C.S. Mott Children's Hospital is a pediatric acute care hospital located in Ann Arbor, Michigan, United States. The hospital has 244 pediatric beds and is affiliated with the University of Michigan Medical School. The hospital provides comprehensive pediatric specialties and subspecialties to infants, children, teens, and young adults 0-21 throughout Michigan and the surrounding states. The hospital sometimes also treats older adults that require pediatric care. C.S. Mott Children's Hospital also features a Level I Pediatric Trauma Center, 1 of 3 in the state. Attached to the children's hospital is the Von Voigtlander Women's Hospital that provides maternal and gynecological care for women.

The hospital moved to a newly constructed building in 2011.

Although commonly understood to be a physical health complex, C.S. Mott Children's Hospital also includes a youth and adolescent psychiatric ward separate from the rest of the children's hospital. The C. S. Mott Children's and Von Voigtlander Women's Hospital employs about 4,000 people and is gradually hiring 500 more now that the hospital expansion is complete.

== History ==
The University of Michigan first established a pediatric program in 1903 when they opened up a 75-bed children's unit. The unit was one of the first dedicated pediatric units' in the nation.
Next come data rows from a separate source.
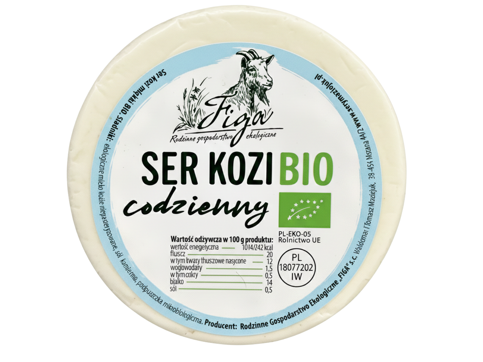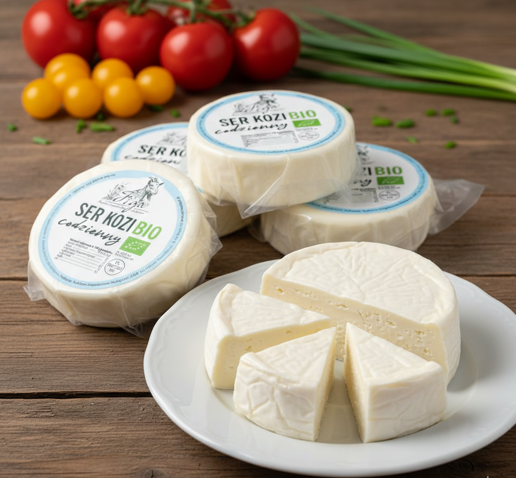 Bio ser kozi codzienny BIO to półmiękki ser podpuszczkowy w formie krążka, wytwarzany z certyfikowanego ekologicznego mleka koziego.
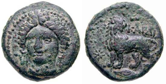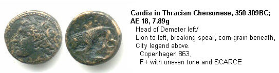 | SNG Cop 863 | Cardia, Thracian Chersonese, AE18. Head of Demeter left / lion standing left, breaking spear in its jaws, grain ear below. | Text | Image | |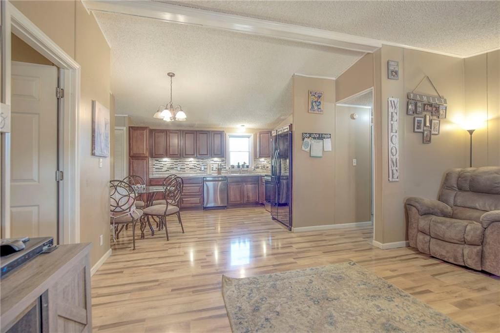 You will fall in love with this cozy home nestled on 17.5 acres!!! Serene setting in the country located on pavement and quick access to 169hwy. Offering gorgeous views, 2 ponds (top pond is stocked) and mature trees. Large Quonset 35x45 for storage. Large, detached shop/garage 60x48 with concrete floor. You will fall in love with the open and spacious living/kitchen. Manufactured home with NEW ROOF (in past year), newer windows and newer hot water heater. Don't miss this opportunity to own acreage!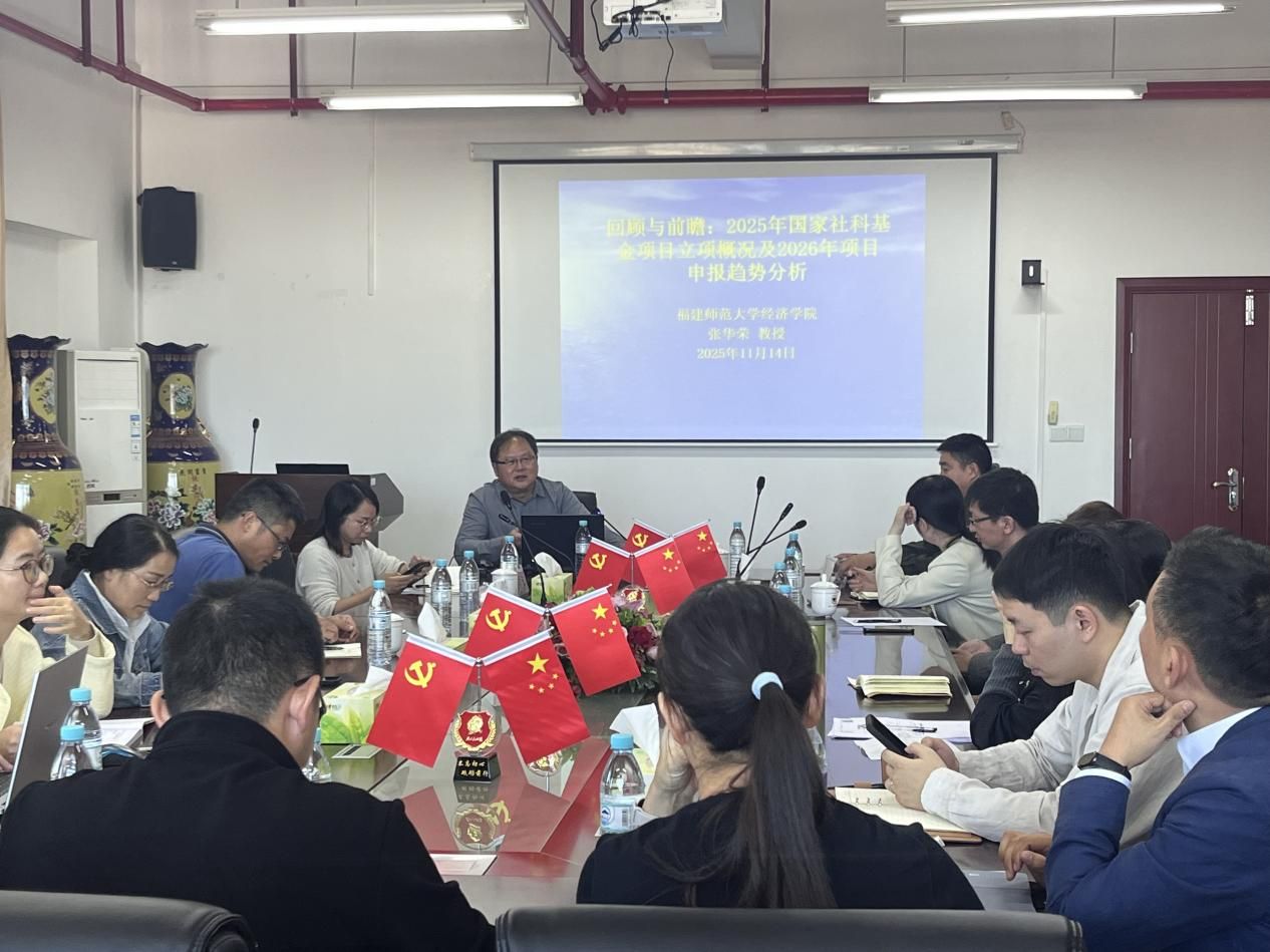 11月14日,福建师范大学经济学院张华荣教授受邀莅临我院,开展“2025年国家社科基金项目立项概况及2026年申报趋势分析”专题讲座。院长黄可权及全体专任教师参加活动并进行互动交流,副院长庄彩云主持会议。
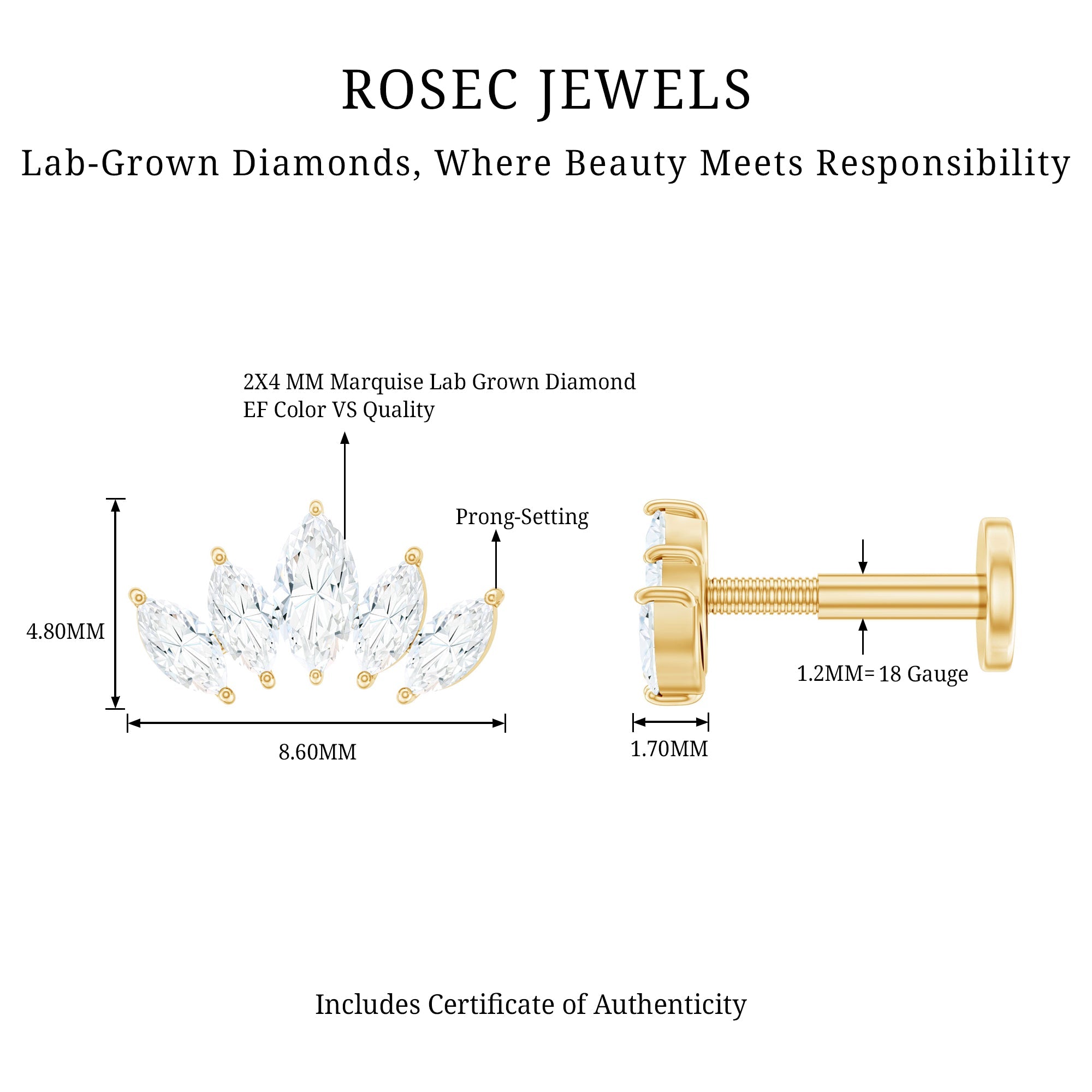 Certified Marquise Cut Diamond Helix Earring for Women ‐ Lab - ( EF-VS ) / 14K Yellow Gold / Flat Back 4.5 MM

In 1965, American businessman and philanthropist C.S. Mott donated $6.5 million to the University of Michigan to help the university build its first children's hospital. The 200 bed hospital served about 3,500 children in its first year of operation.

In the late 1980s, the university renovated its pediatric wards to accommodate private patient rooms instead of previous open wards.

The new facility for the C. S. Mott Children's and Von Voigtlander Women's Hospital, opened in December 2011 following the completion of a $754 million, five-year construction project. It is one of the largest children's hospitals in the United States. The hospital is 1100000 sqft and consists of a 12-story inpatient wing and a nine-story outpatient wing. There are 348 beds, including 50 maternity rooms and 46 neonatal intensive care unit (NICU) rooms. The expansion increases the number of beds at the hospital by 75 percent and makes the hospital the largest of Michigan's three children's hospitals. Every inpatient room is private, in contrast to the old facility, which had mostly double occupancy rooms. The new hospital has 16 operating rooms and two interventional radiology rooms. The first Women's Hospital opened in 1950, while the original C.S. Mott Children's Hospital opened in 1969 and traces its origin to a small ward for sick children that began in 1903.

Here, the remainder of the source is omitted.